Search and replace with vi -- part 2
What's in an expression? Mastering the substitute regular expressions
Summary
Last month
we showed you the basics of vi's search and
replace features. The next part of the substitute command we
cover is the search string itself and the powerful use of regular
expressions make it possible to create complex search and replace
commands. To become a vi master you need to understand
regular expressions. (3,500 words)
Thanks to those of you who caught the typo in one of last month's
code snippets. You go to the head of the class! If you read last
month's column early in the month, you may want to see
what it was.
That
is an expression? If I say, "A bird in the hand is worth two in
the bush," I don't mean that you must run out and trap two bush
birds so that you can swap them for the one I am carrying around in
my hand. It is an expression that stands for something else; a
symbolic representation of another concept.
In a
substitute command, "bat" as a search text stands
for the three characters b, a, and t appearing one after the other.
However, "[b-dh]at" as a search text does not stand for the eight
characters left bracket, b, hyphen, d, h, right bracket, a, and t.
Instead it is a regular expression that stands for something else.
We will get to what it means in just a moment, but you have to
approach it in simple steps.
The vi editor (actually the "ex" editor mentioned in
last month's article) allows regular expressions to be created by setting
aside certain standard characters and allowing them to have special
meanings over and above the characters that they normally
represent.
Before you start these examples type the following ex command
starting with a colon and press ENTER.
:set magic
You may set magic or nomagic using the set
command. vi special characters behave differently depending
on the setting.
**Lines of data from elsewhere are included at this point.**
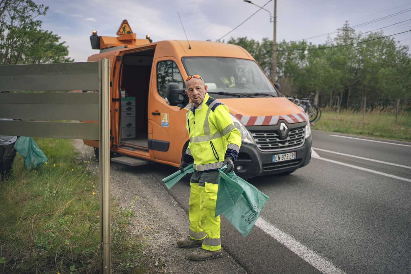 Opération nettoyage par la collecte de déchets sur le bord de la route part des bénévoles et le service des routes sur la départementale D6009 à Fitou dans l'Aude.
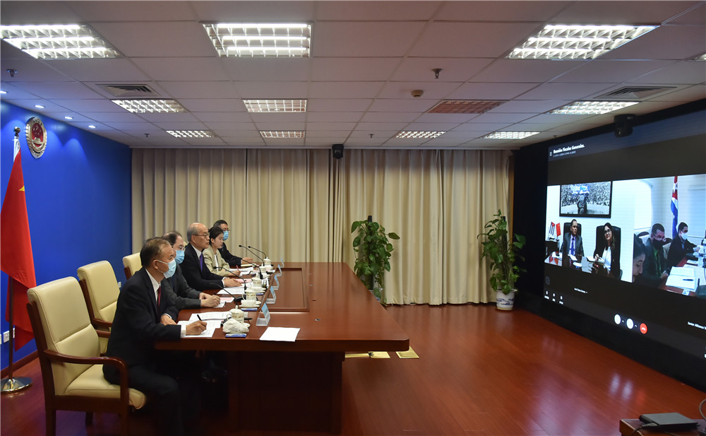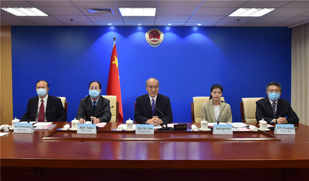 最高人民检察院检察长张军在京与古巴总检察长雅米拉·培尼亚·奥赫达进行视频会晤。
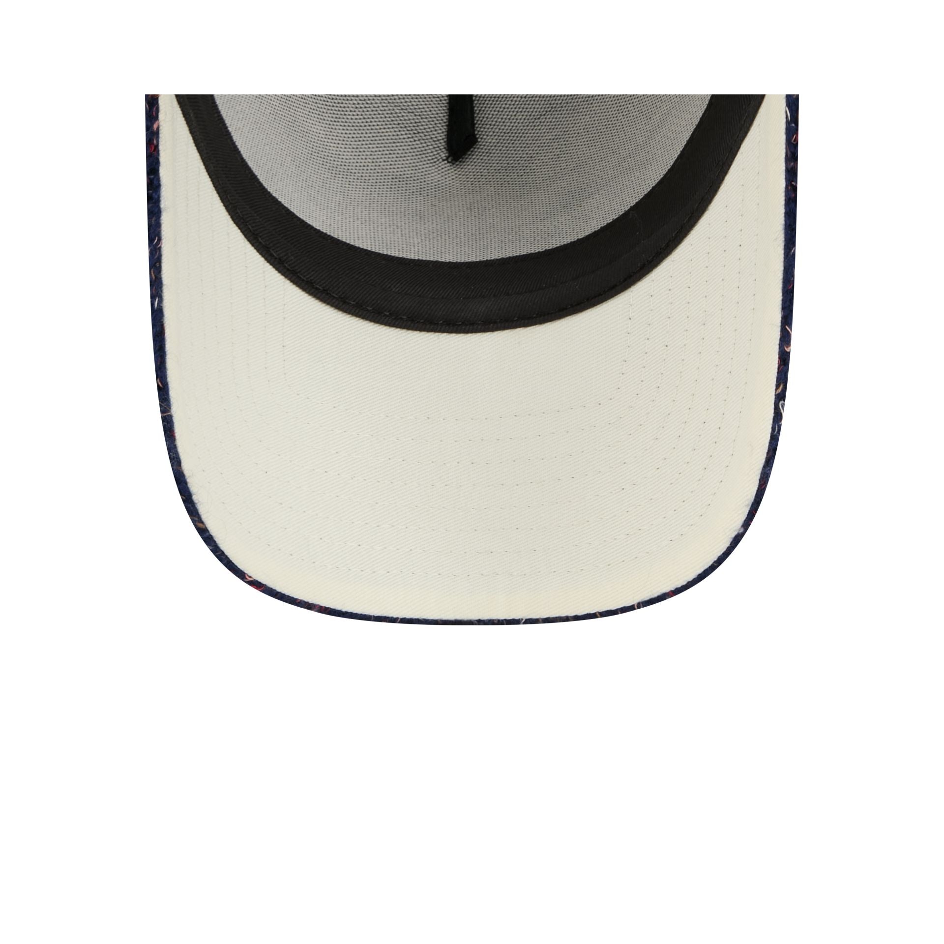 The San Jose Sharks Knit Women’s 9FORTY A-Frame Trucker features an embroidered Sharks logo at the front knit panels. Additional details include a snapback closure at a mesh rear and white undervisor.
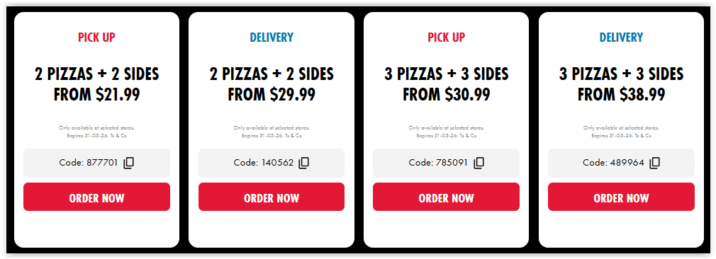 - 3 Pizzas & 3 Sides from $30.99 – Pick-Up or Delivery: Grab three pizzas and three sides to share from $30.99 pick-up, or have them brought to your door for just $38.99.
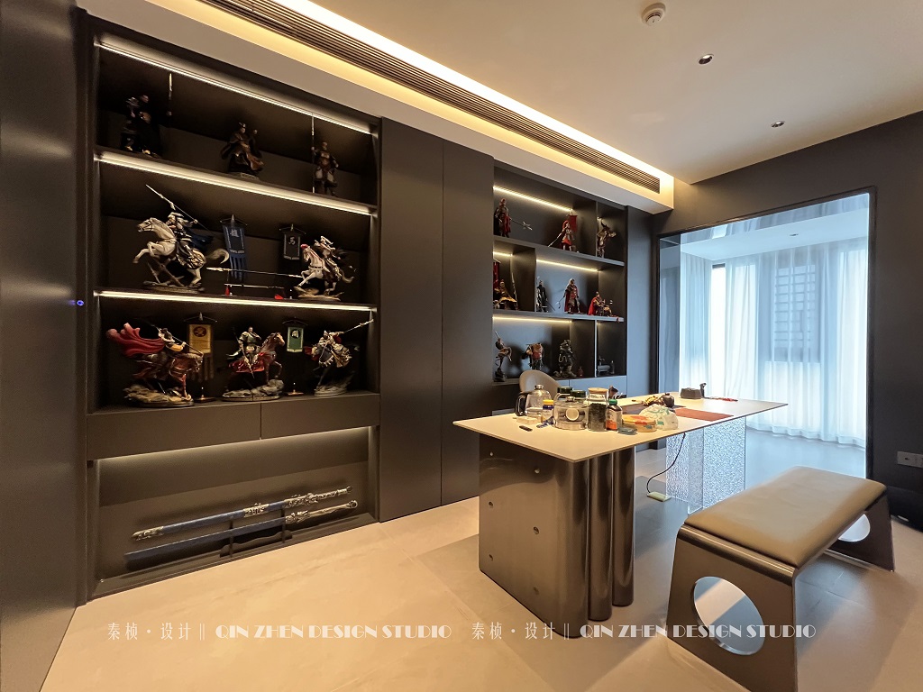 瀏覽量:742戶型改造: ◆原戶型的5房直接改成2房,入戶封閉廚房拆除; ◆將原有的老人房拆除做成半開放式書房+茶室; ◆把次臥做隱藏門隱秘空間、打通陽臺; ◆原有的封閉式廚房做成開放式廚房; ◆靠近主臥的次臥打通,做成衣帽間;
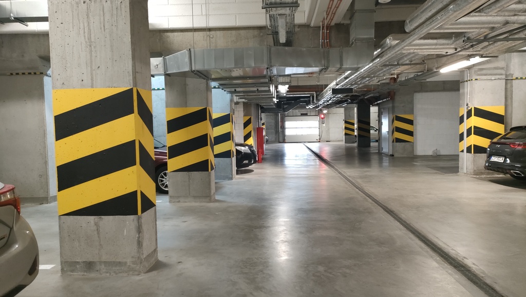 Dodatkowo w cenie mieszkania miejsce parkingowe obok budynku do wyłącznego korzystania i komórka lokatorska o powierzchni 2,82 m2. Pomiędzy budynkami oddalonymi od ulicznego zgiełku obszerny parking.
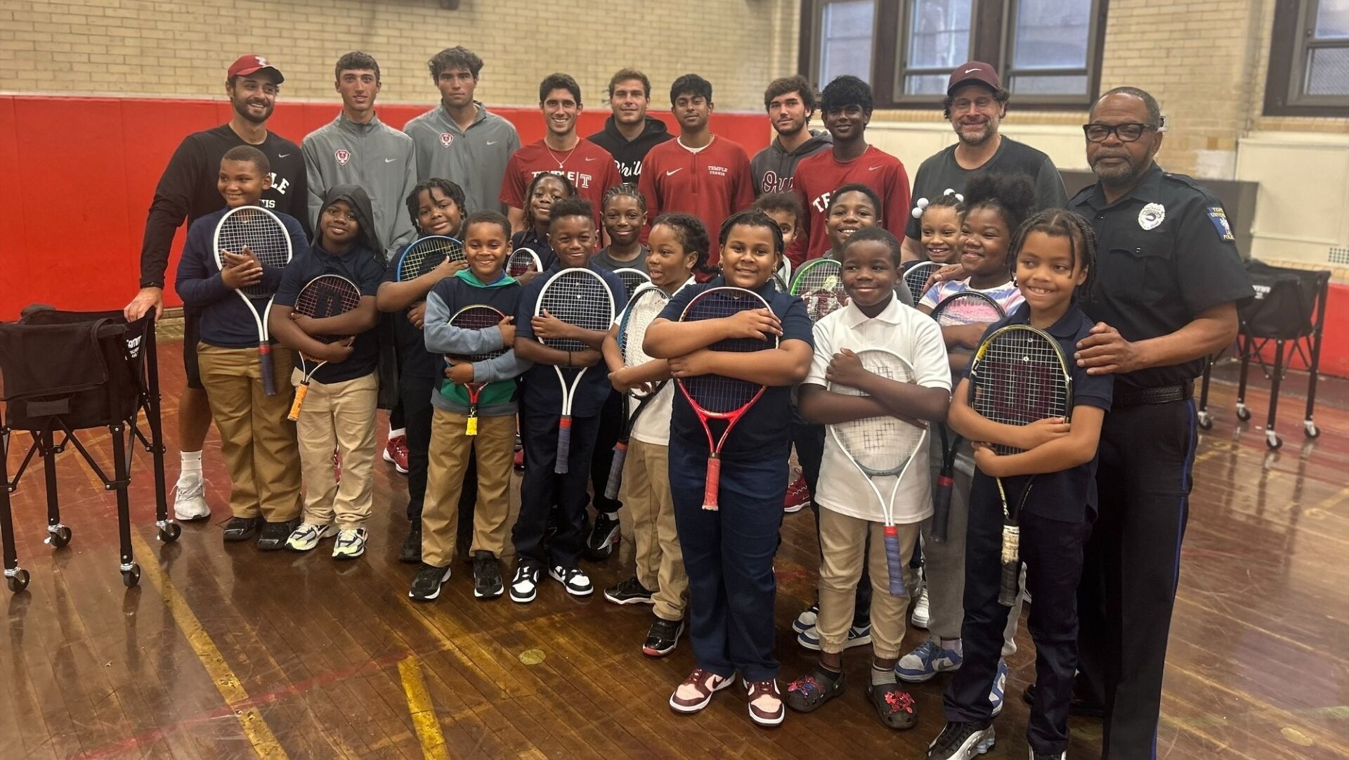 Temple University’s Department of Public Safety made the connection between men’s tennis and Dunbar Elementary School for a weekly tennis clinic.

The description below is in magic mode,
which is the usual default for vi. However vi can
be set up to use nomagic as default when it first
starts. Typing set magic ensures that you are in
magic mode. I will explain the effect of
nomagic after we have had a look at the basic
descriptions of regular expression special characters.
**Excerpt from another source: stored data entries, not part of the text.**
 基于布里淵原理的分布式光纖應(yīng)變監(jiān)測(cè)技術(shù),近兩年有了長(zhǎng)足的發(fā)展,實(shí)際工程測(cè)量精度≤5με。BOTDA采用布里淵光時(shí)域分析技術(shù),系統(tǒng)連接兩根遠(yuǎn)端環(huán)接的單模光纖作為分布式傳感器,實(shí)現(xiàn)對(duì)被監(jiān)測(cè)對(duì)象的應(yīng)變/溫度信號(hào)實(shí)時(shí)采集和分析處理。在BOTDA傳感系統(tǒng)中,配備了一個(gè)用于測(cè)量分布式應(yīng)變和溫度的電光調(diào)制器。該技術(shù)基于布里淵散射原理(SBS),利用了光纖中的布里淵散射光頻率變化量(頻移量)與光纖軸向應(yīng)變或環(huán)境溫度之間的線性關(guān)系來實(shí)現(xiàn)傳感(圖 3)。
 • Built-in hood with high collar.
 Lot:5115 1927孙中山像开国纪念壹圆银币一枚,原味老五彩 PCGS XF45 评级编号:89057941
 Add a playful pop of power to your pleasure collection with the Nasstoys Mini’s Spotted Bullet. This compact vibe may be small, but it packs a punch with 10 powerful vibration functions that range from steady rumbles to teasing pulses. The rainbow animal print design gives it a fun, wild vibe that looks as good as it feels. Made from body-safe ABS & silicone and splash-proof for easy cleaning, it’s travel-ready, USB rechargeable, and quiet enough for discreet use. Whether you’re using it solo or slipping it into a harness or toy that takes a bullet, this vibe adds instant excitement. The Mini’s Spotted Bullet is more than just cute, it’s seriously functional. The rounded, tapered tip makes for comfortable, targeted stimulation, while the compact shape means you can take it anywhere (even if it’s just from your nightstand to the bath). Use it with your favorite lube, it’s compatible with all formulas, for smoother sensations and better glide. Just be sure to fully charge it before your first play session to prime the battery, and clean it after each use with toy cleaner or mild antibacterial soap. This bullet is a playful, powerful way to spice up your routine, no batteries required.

The simplest special character is the dot or period (.) which stands
for any single character. The following command searches for h,
followed by any character, followed by t and replaces it with host.
:%s/h.t/host/g
This command applied to Listing 1 produces Listing 2. Note that
"h.t" has matched "hat" and "hut" as well as the "hat" in "hatter's"
and "That" and the "h t" in "Bach to".
Listing 1
That hatter's magic hat
led Bach to the hut.
Listing 2
Thost hostter's magic host
led Bachosto the host.
The next useful special characters are caret (^) and ($) which stand
for the beginning and end of a line. These two characters can be
included in a search text to locate characters appearing at the
beginning or end of a line, but they are not replaced by the
replacement text. The following command searches for h, followed by
any character, followed by t but only at the end of a line, and
replaces it with boat.
:%s/h.t$/host/g
The command applied to Listing 1 would produce Listing 3. Only "hat"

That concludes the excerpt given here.